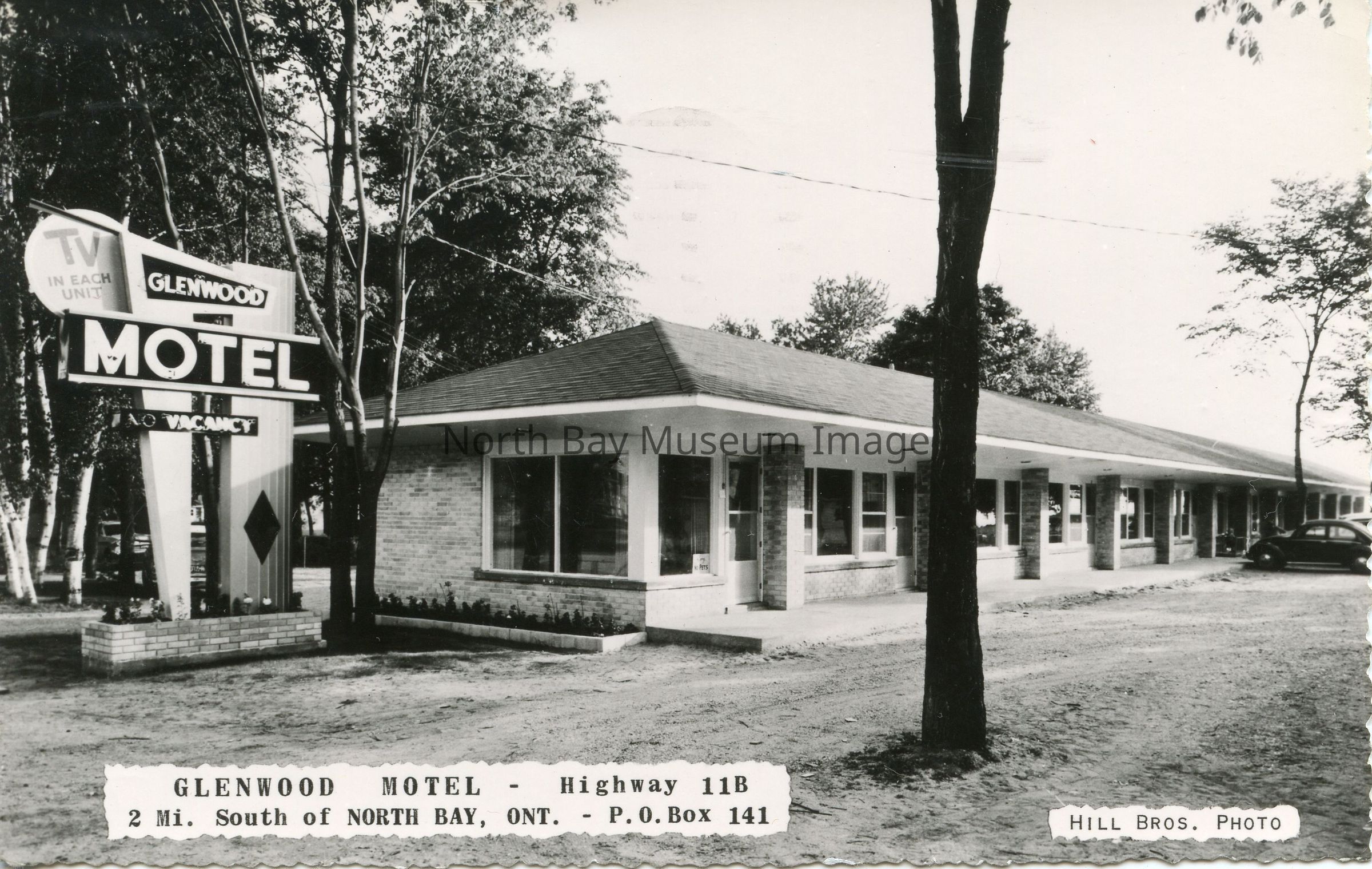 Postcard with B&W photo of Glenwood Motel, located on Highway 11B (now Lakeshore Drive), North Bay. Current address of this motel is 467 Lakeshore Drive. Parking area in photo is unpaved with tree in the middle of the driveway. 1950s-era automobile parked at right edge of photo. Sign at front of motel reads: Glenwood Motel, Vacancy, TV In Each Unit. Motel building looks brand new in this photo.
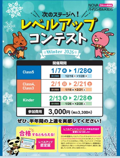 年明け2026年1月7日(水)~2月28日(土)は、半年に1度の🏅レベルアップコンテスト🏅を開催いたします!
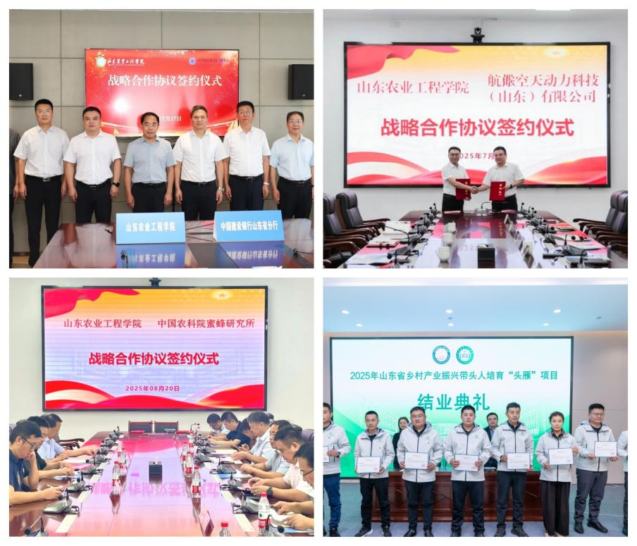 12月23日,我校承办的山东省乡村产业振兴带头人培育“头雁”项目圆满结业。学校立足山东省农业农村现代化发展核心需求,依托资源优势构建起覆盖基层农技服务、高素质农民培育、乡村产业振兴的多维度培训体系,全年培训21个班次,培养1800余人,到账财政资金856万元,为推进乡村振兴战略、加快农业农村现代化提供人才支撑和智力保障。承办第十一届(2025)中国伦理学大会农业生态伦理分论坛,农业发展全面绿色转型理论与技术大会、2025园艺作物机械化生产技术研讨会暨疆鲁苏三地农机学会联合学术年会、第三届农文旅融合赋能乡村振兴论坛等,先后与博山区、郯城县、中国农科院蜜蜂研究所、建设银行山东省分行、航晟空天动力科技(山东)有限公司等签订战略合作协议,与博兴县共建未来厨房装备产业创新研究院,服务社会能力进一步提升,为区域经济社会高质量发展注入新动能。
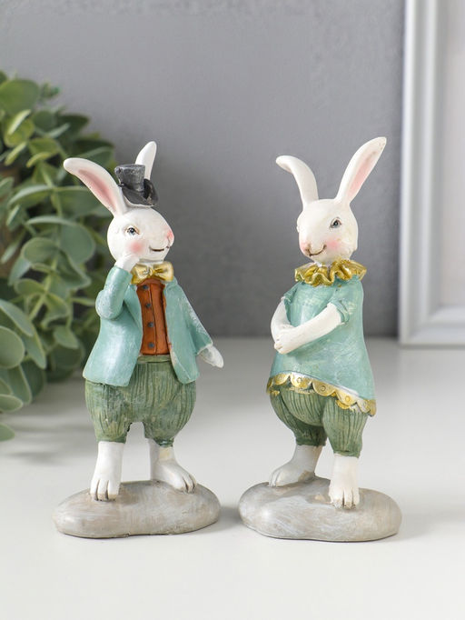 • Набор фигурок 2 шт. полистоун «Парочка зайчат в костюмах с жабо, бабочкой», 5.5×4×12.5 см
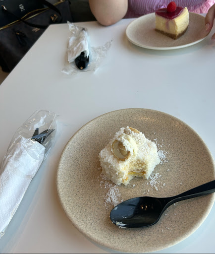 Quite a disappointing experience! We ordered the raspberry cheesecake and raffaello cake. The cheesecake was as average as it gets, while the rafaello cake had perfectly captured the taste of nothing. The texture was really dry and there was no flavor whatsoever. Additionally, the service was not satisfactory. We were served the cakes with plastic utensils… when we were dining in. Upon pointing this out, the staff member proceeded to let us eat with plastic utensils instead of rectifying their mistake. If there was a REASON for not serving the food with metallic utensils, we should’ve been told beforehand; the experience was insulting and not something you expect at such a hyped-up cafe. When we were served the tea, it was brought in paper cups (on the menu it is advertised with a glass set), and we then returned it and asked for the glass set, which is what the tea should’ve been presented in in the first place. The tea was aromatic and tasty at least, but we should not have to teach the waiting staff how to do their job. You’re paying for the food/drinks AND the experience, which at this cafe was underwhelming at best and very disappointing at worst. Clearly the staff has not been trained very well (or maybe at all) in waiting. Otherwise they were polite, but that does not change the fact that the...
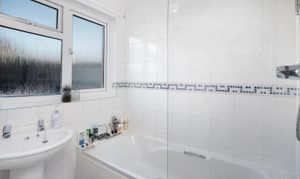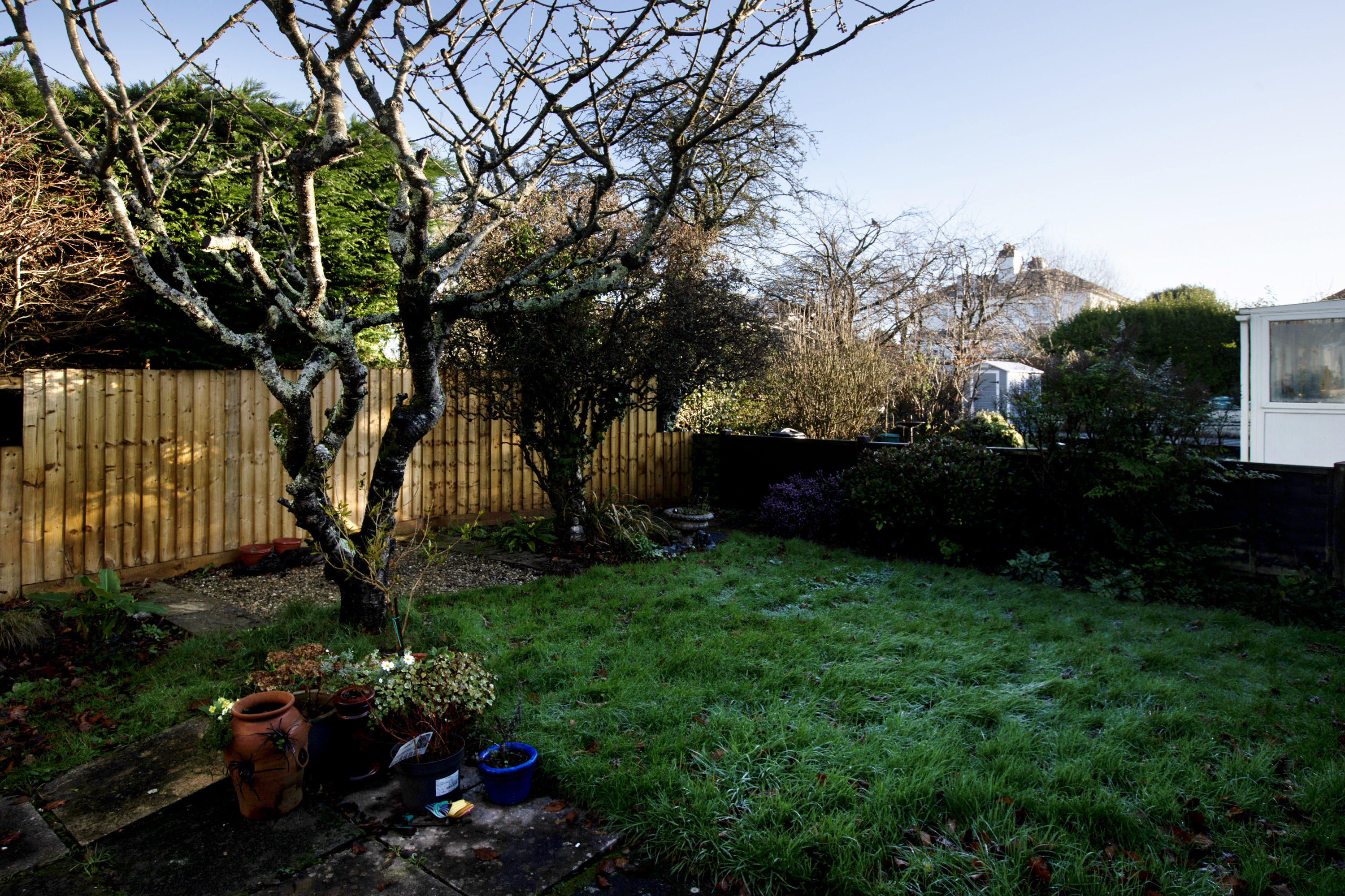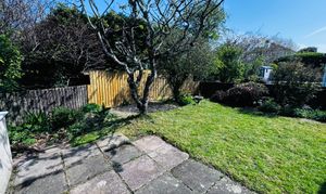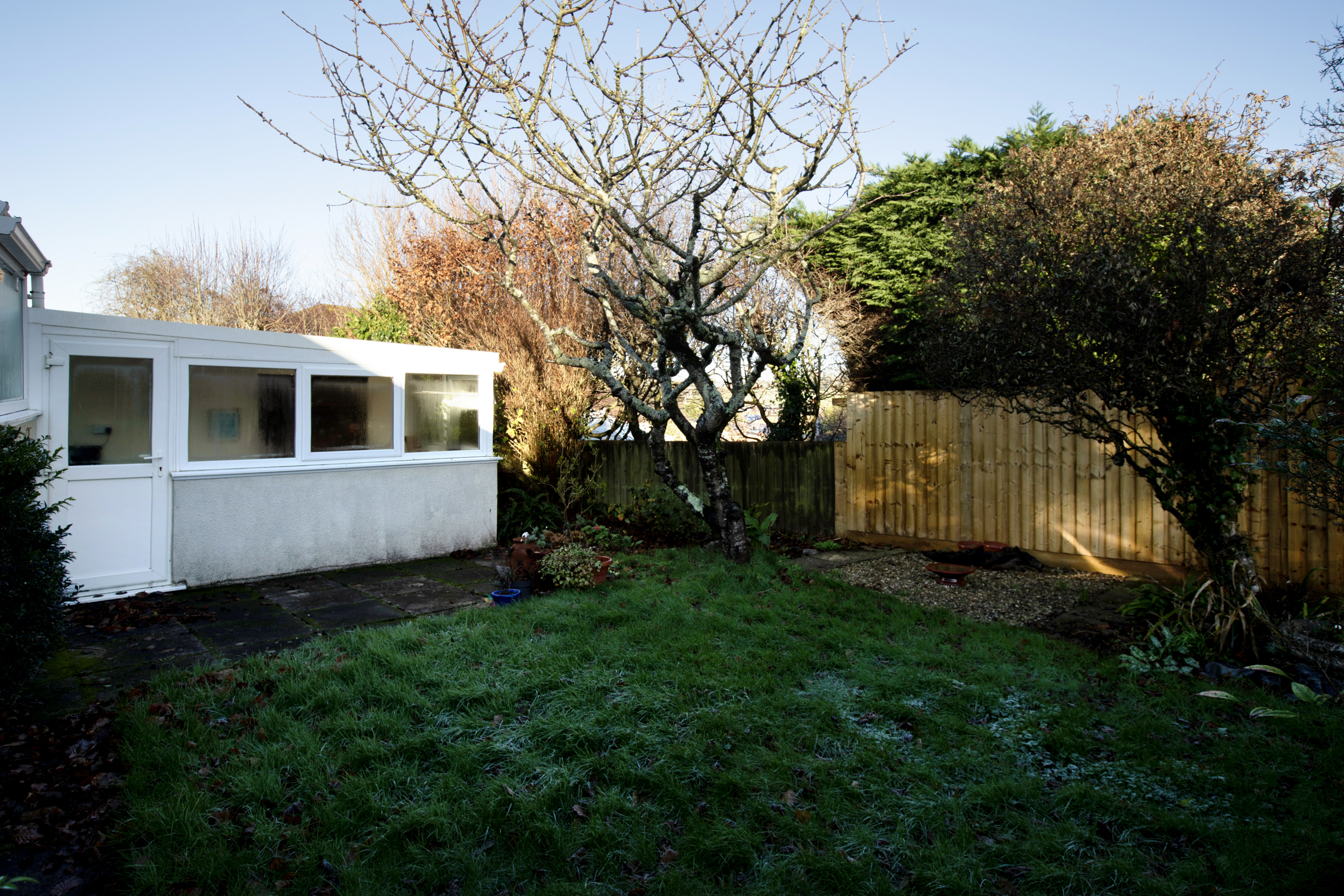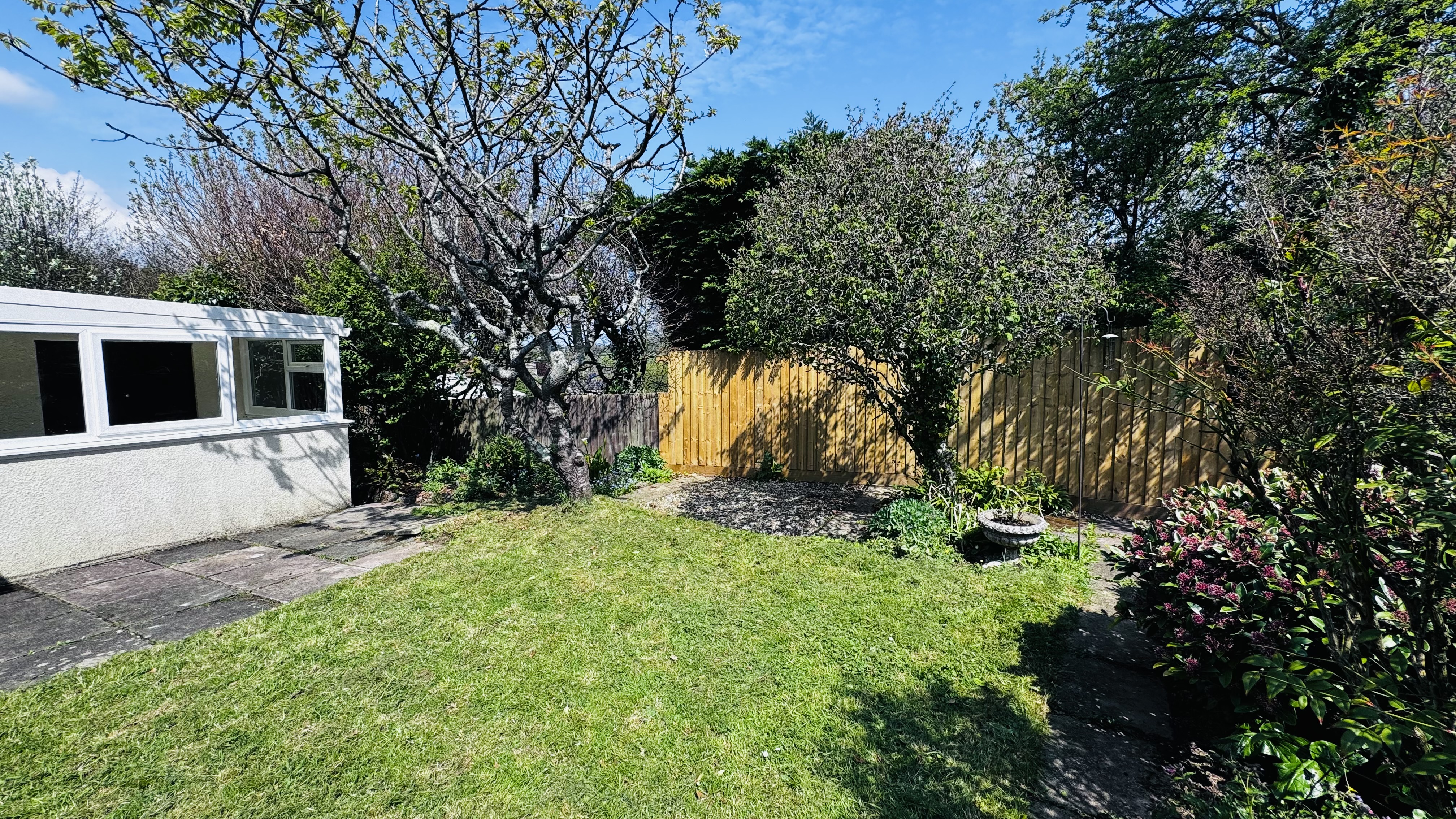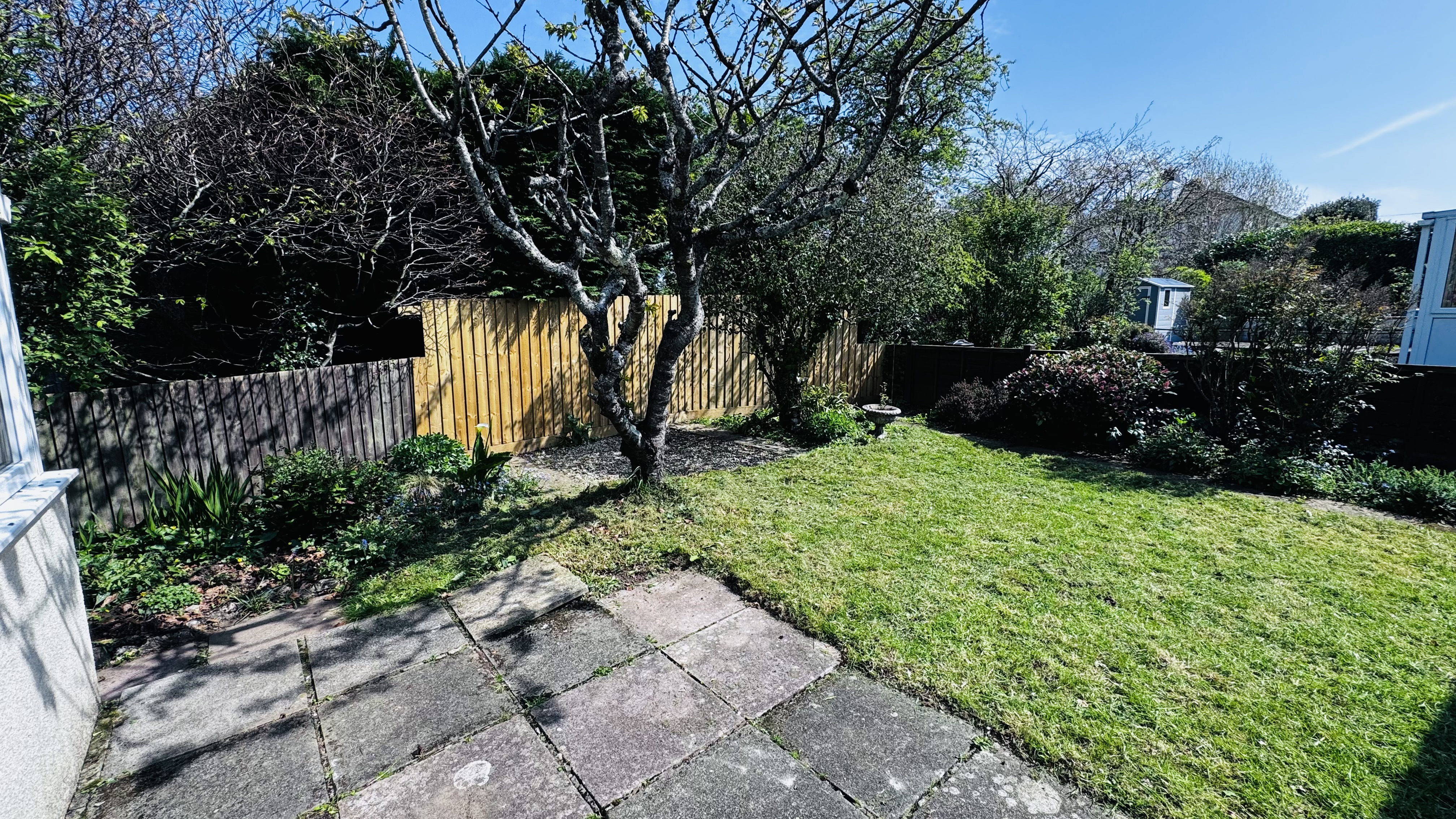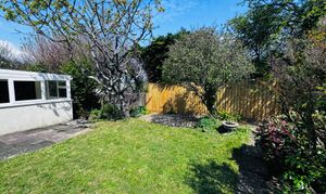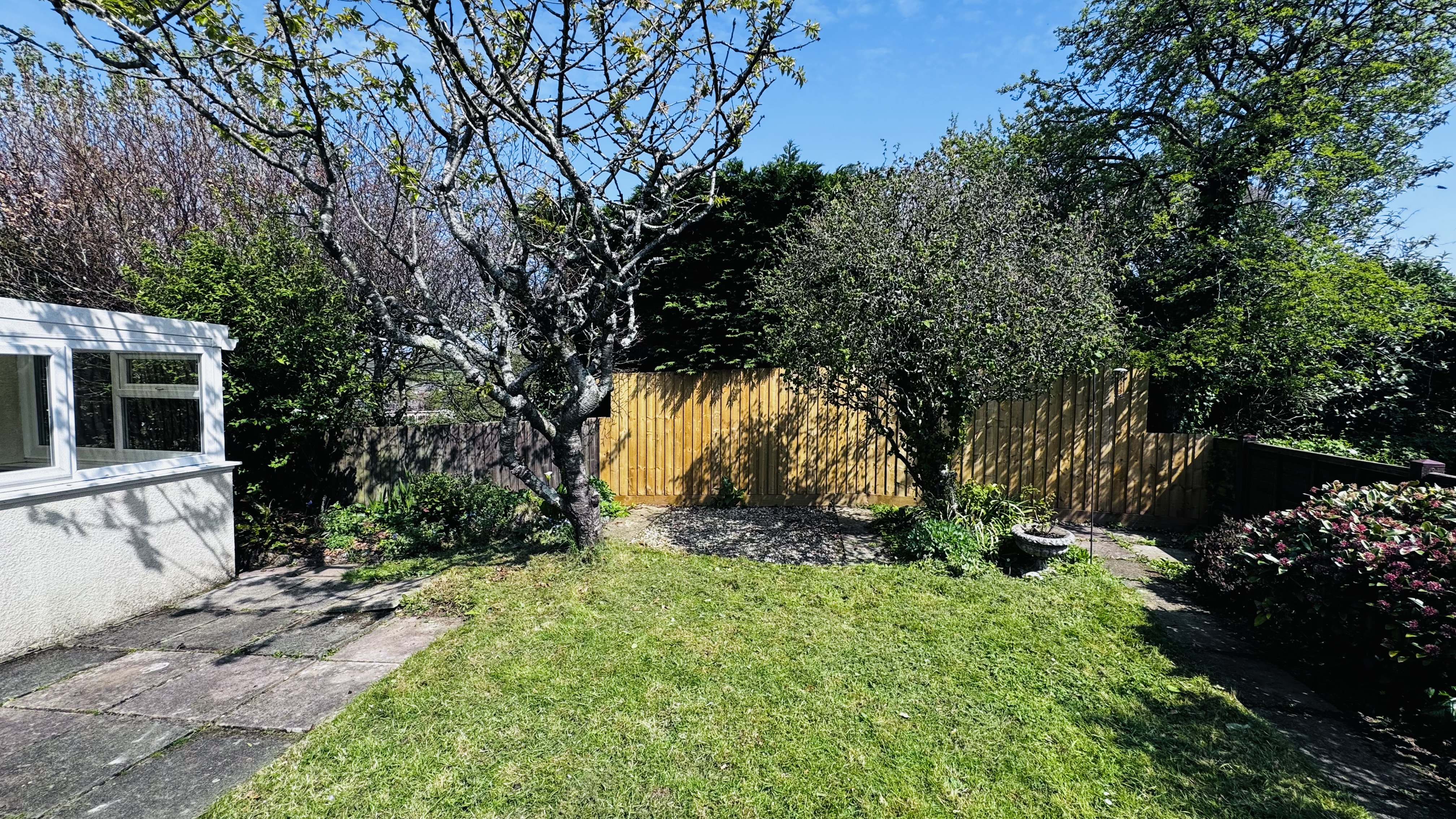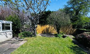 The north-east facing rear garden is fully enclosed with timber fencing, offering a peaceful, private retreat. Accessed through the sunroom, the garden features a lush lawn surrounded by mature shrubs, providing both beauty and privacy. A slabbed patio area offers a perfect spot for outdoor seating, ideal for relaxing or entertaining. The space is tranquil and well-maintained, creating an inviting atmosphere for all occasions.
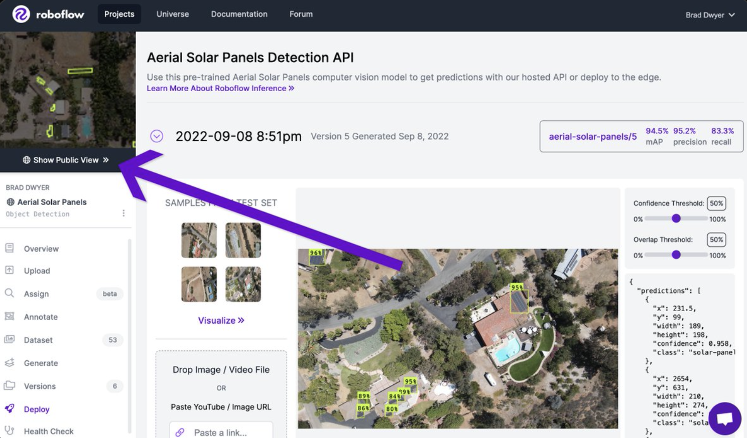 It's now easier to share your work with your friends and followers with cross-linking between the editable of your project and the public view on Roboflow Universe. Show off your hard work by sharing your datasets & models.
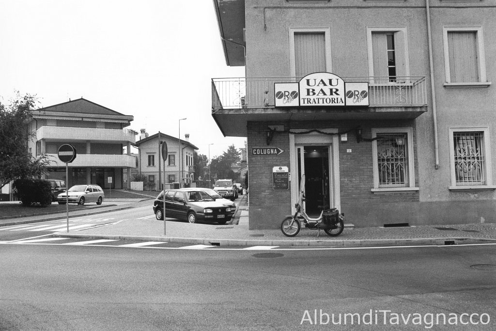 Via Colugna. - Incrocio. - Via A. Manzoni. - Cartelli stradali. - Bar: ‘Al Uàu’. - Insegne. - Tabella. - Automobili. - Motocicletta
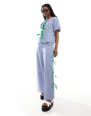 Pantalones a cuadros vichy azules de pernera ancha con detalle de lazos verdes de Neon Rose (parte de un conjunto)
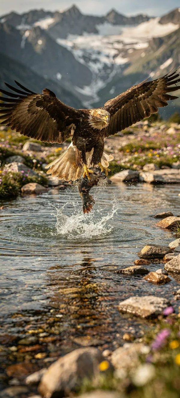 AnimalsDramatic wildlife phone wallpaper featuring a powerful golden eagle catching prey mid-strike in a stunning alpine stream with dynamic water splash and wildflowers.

■ **PROBLEM TO WORK ON**: If a picture falls within the lines from the one containing "Via Colugna. - Incrocio." through the end of the material, leave it out while repeating those lines exactly.

■ **SOLUTION TO THIS TASK**:
 Via Colugna. - Incrocio. - Via A. Manzoni. - Cartelli stradali. - Bar: ‘Al Uàu’. - Insegne. - Tabella. - Automobili. - Motocicletta
 Pantalones a cuadros vichy azules de pernera ancha con detalle de lazos verdes de Neon Rose (parte de un conjunto)
 AnimalsDramatic wildlife phone wallpaper featuring a powerful golden eagle catching prey mid-strike in a stunning alpine stream with dynamic water splash and wildflowers.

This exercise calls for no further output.